From the material below, please set down exactly the lines starting with the one with "Acompanha grátis MAPAS" and going on through the one with "In case it's", without a single picture.

++++ DATA

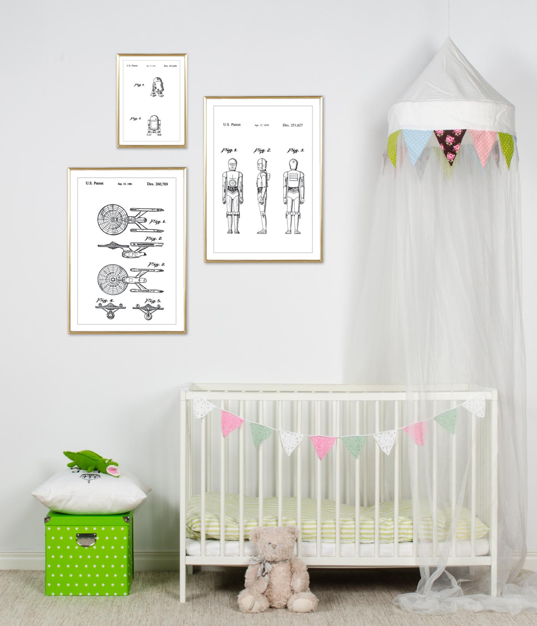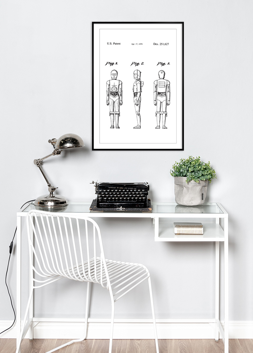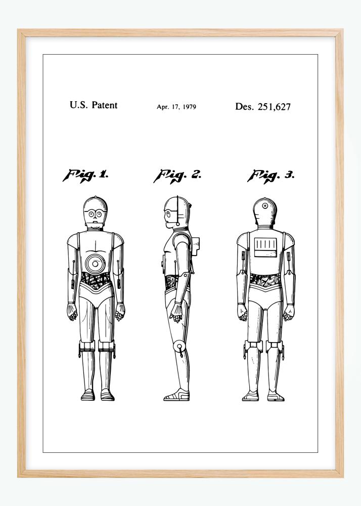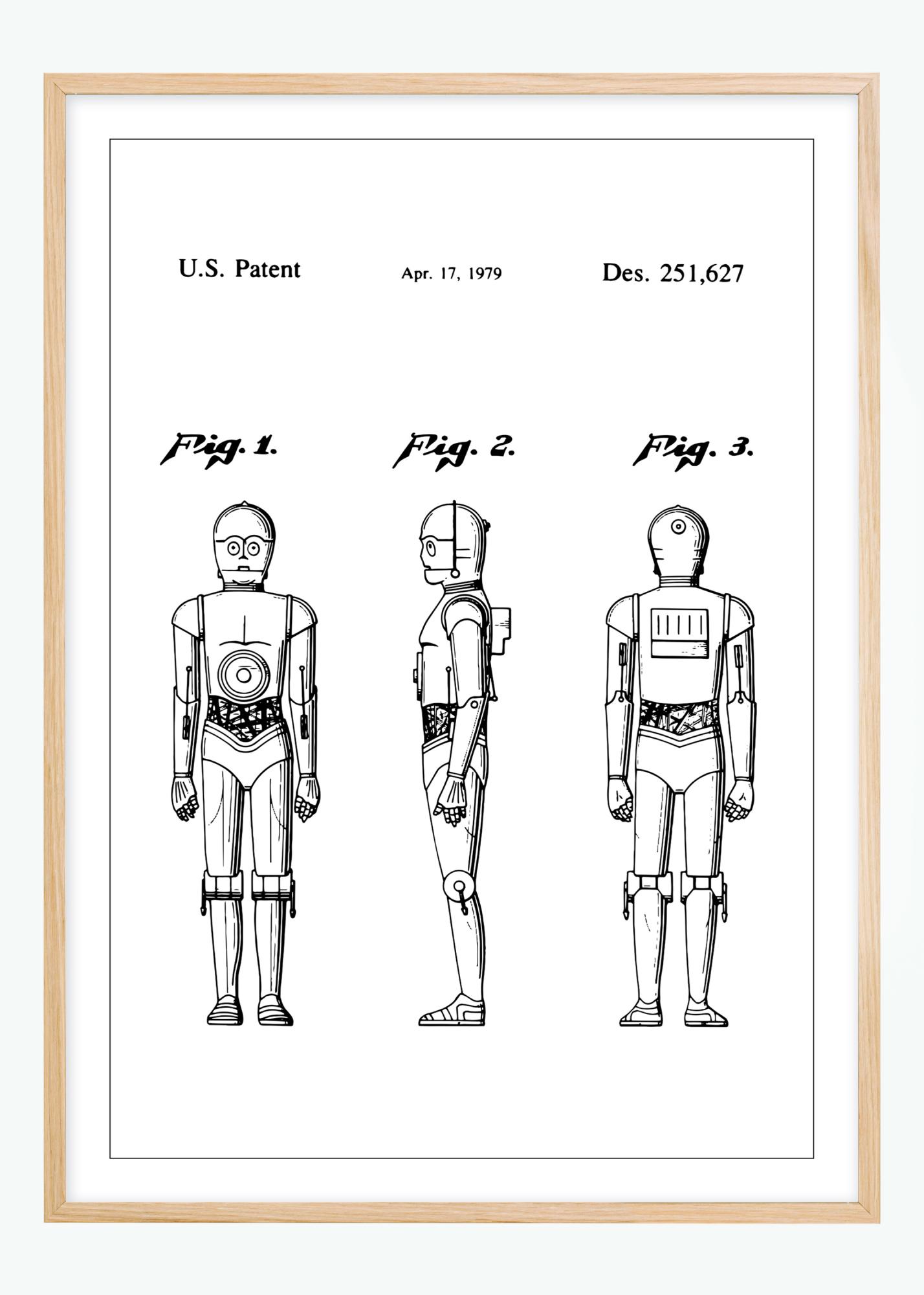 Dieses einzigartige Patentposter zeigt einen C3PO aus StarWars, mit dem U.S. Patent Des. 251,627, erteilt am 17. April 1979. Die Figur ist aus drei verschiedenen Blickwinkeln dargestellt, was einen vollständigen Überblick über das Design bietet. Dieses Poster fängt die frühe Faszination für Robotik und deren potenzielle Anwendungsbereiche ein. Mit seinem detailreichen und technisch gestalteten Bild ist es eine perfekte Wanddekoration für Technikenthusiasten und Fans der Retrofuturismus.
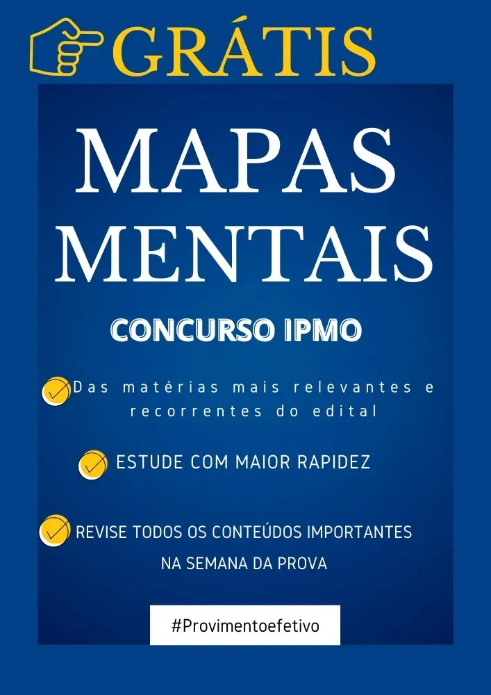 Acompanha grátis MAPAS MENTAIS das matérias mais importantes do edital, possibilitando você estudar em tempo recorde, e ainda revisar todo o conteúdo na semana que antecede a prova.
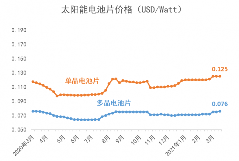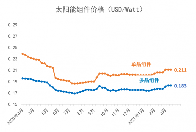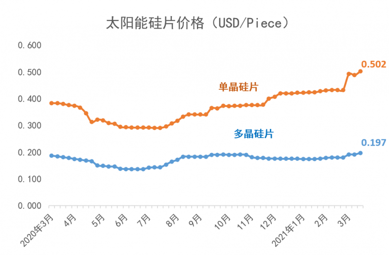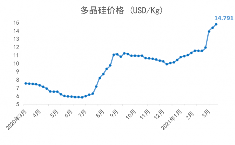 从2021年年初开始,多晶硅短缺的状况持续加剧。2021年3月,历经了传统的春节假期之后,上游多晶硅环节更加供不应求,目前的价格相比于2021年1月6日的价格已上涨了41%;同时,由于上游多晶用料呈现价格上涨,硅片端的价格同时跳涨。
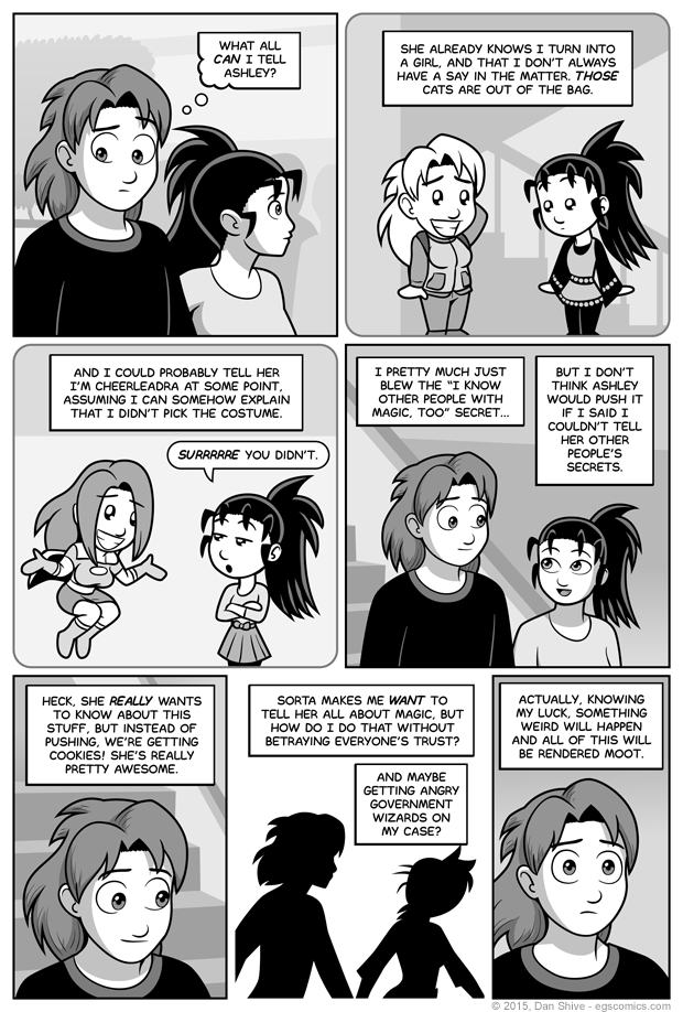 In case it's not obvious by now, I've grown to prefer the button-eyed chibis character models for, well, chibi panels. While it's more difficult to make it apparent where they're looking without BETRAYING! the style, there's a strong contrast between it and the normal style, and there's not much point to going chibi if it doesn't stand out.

++++++++
++++ DATA

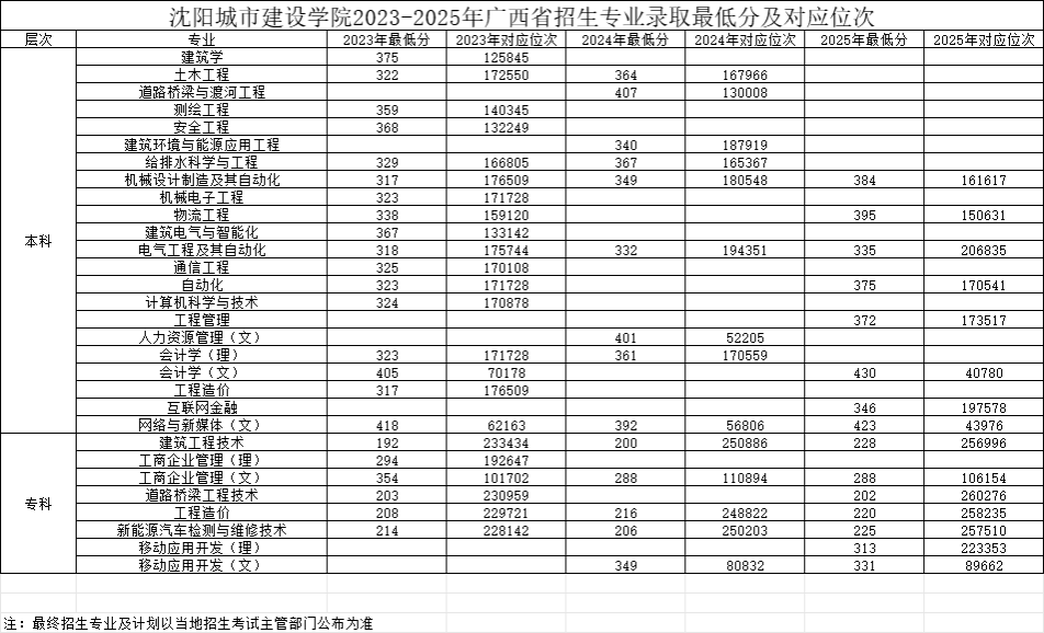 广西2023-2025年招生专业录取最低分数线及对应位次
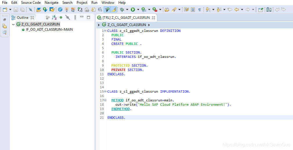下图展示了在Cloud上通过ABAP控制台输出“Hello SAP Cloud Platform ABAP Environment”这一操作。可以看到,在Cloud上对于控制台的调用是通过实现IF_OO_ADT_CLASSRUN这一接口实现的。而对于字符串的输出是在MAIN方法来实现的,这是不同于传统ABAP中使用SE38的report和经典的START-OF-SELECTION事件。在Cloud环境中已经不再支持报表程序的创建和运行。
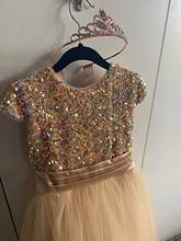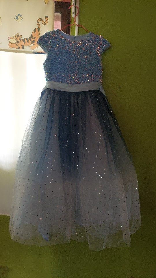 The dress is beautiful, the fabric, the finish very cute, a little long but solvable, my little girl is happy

++++++++

RESULT BELOW:
 Acompanha grátis MAPAS MENTAIS das matérias mais importantes do edital, possibilitando você estudar em tempo recorde, e ainda revisar todo o conteúdo na semana que antecede a prova.
 从2021年年初开始,多晶硅短缺的状况持续加剧。2021年3月,历经了传统的春节假期之后,上游多晶硅环节更加供不应求,目前的价格相比于2021年1月6日的价格已上涨了41%;同时,由于上游多晶用料呈现价格上涨,硅片端的价格同时跳涨。
 In case it's not obvious by now, I've grown to prefer the button-eyed chibis character models for, well, chibi panels. While it's more difficult to make it apparent where they're looking without BETRAYING! the style, there's a strong contrast between it and the normal style, and there's not much point to going chibi if it doesn't stand out.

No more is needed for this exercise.